Although this seems a simple and straightforward definition, there are some intricate decisions in which the different benchmarking tools take into account when collecting the metric. Questions such as, should this average calculation include the time to first token (TTFT) or not? NVIDIA genAI-perf does not, while LLMPerf does include this quantity.

GenAI-Perf defines ITL as follows:

\[\frac{e2e\_ latency\ - \ TTFT}{Total\_ output\_ tokens\ - \ 1}\]

The equation used for this metric does not include the first token (hence subtracts 1 in the denominator). This is done in order to have ITL as a characteristic of only the decoding part of the request processing.

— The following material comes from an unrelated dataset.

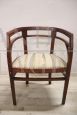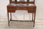 Questo raffinato tavolino da toeletta italiano dei primi del Novecento, accompagnato da una poltrona abbinata, mostra un'eleganza e una funzionalità senza tempo. Realizzato in ricco legno di ciliegio, il tavolo presenta un lussuoso piano in marmo scuro che non solo ne esalta l'estetica, ma assicura anche una facile manutenzione e durata nel tempo. Le linee sono semplici ma raffinate, completate da delicati intagli floreali che aggiungono un tocco di raffinatezza. Le originali maniglie in bronzo sono finemente cesellate e aggiungono un ulteriore tocco di fascino all'insieme. Dotata di cinque spaziosi cassetti, lo specchio in tre parti è regolabile, altezza piano 85 cm. Accompagnata da poltroncina. Buone condizioni, prezzo trattabile.
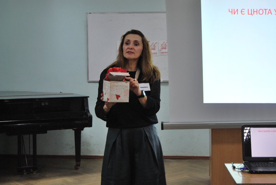 Питання «Чи є цнота у хлопця?» визвало шквал емоцій в аудиторії. І навіть, якщо немає фізичної ознаки незайманості чоловіка, цнотливим вважається той, хто не мав інтимних стосунків ні з жінкою, ні з дівчиною. На прикладі надкушеного яблука і розтріпаної подарункової коробки, волонтер центру продемонструвала, як не приємно отримувати те, чим користувалися до тебе.

It is important to note that with longer output sequences, the KV cache grows and hence the memory cost. The cost of attention computation also grows: for each new token, this cost is linear in the length of the input + output sequence so far (but this computation is generally not compute-bound). Consistent inter-token latencies signifies an efficient memory management, better memory bandwidth as well as efficient attention computation.

Total TPS per system represents the total output tokens per seconds throughput, accounting for all the requests happening simultaneously. As the number of requests increases, the total TPS per system increases, until it reaches a saturation point for all the available GPU compute resources, beyond which it might decrease.

Given the following timeline of the entire benchmark with n total requests.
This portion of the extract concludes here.